*Task item*: For the records below, print the lines from the line with "ประกาศรายชื่อผู้มีสิทธิ์สอบสัมภาษณ์ (กลุ่มที่ 2)" through the line with "StanfordNLP做了更" exactly as written; include both end lines and exclude the rest.

*Data records*:
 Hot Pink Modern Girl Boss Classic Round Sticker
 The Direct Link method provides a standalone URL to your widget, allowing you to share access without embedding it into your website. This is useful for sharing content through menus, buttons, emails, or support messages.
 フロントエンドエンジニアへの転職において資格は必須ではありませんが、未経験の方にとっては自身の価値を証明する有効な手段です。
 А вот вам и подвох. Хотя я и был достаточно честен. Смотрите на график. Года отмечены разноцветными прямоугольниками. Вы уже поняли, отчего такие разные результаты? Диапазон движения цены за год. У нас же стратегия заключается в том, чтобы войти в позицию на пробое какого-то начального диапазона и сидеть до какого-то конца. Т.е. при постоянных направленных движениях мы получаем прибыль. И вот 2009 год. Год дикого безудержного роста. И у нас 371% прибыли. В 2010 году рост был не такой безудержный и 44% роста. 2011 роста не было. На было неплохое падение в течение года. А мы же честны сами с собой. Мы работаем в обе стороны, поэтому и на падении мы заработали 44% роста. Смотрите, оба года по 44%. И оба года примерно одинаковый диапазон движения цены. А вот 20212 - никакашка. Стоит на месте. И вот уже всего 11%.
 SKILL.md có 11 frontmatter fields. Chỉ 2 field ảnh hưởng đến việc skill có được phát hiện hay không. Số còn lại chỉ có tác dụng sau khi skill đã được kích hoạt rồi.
--
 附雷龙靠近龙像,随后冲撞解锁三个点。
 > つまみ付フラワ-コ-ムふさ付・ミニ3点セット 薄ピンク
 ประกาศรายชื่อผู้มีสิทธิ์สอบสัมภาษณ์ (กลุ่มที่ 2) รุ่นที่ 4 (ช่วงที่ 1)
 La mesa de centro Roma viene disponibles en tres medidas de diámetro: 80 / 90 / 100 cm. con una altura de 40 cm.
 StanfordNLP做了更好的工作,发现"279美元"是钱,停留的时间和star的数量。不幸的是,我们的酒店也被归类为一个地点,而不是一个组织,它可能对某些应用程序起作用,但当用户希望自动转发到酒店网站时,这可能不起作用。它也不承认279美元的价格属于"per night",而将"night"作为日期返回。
==
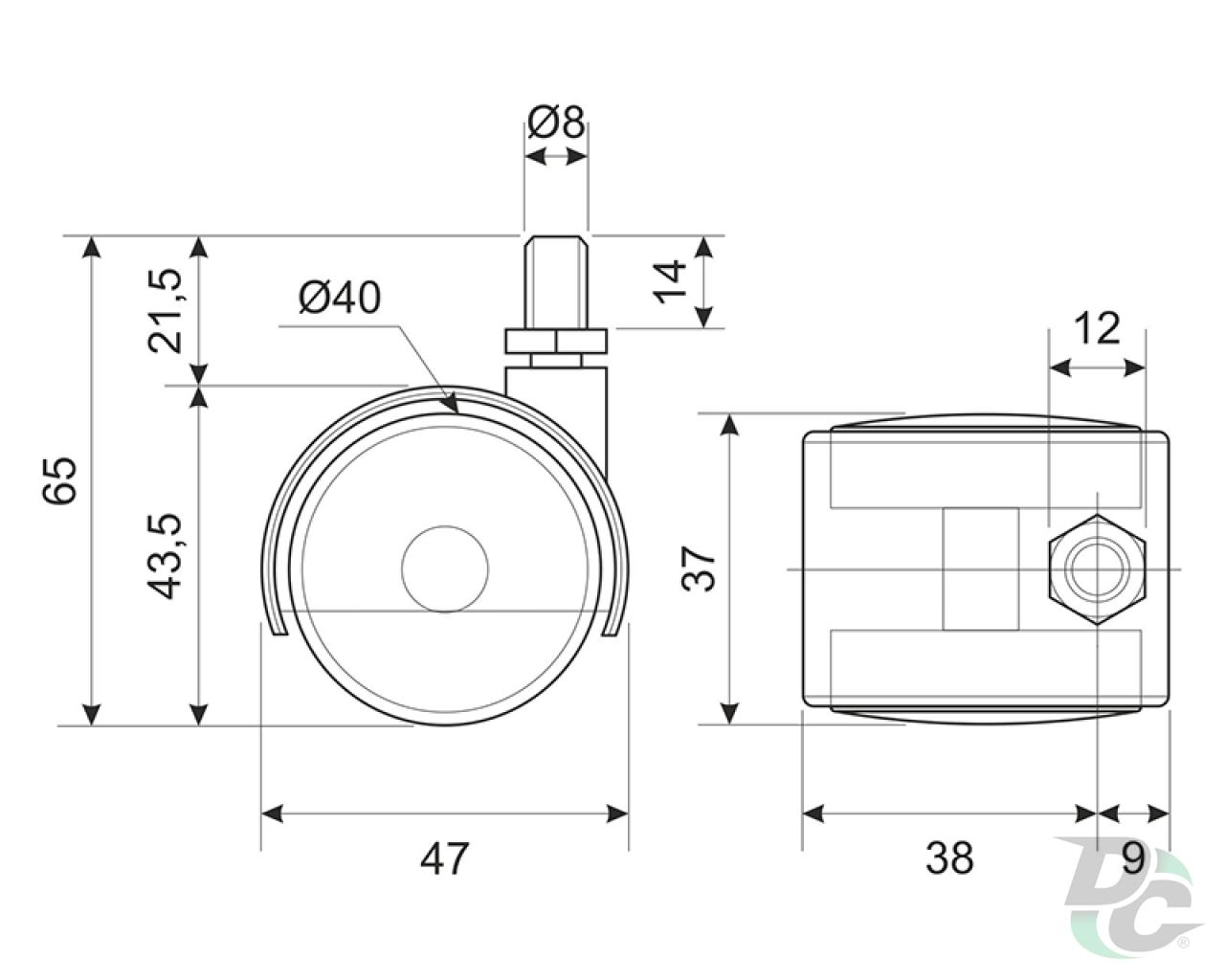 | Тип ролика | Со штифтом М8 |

*Exercise response*:
 ประกาศรายชื่อผู้มีสิทธิ์สอบสัมภาษณ์ (กลุ่มที่ 2) รุ่นที่ 4 (ช่วงที่ 1)
 La mesa de centro Roma viene disponibles en tres medidas de diámetro: 80 / 90 / 100 cm. con una altura de 40 cm.
 StanfordNLP做了更好的工作,发现"279美元"是钱,停留的时间和star的数量。不幸的是,我们的酒店也被归类为一个地点,而不是一个组织,它可能对某些应用程序起作用,但当用户希望自动转发到酒店网站时,这可能不起作用。它也不承认279美元的价格属于"per night",而将"night"作为日期返回。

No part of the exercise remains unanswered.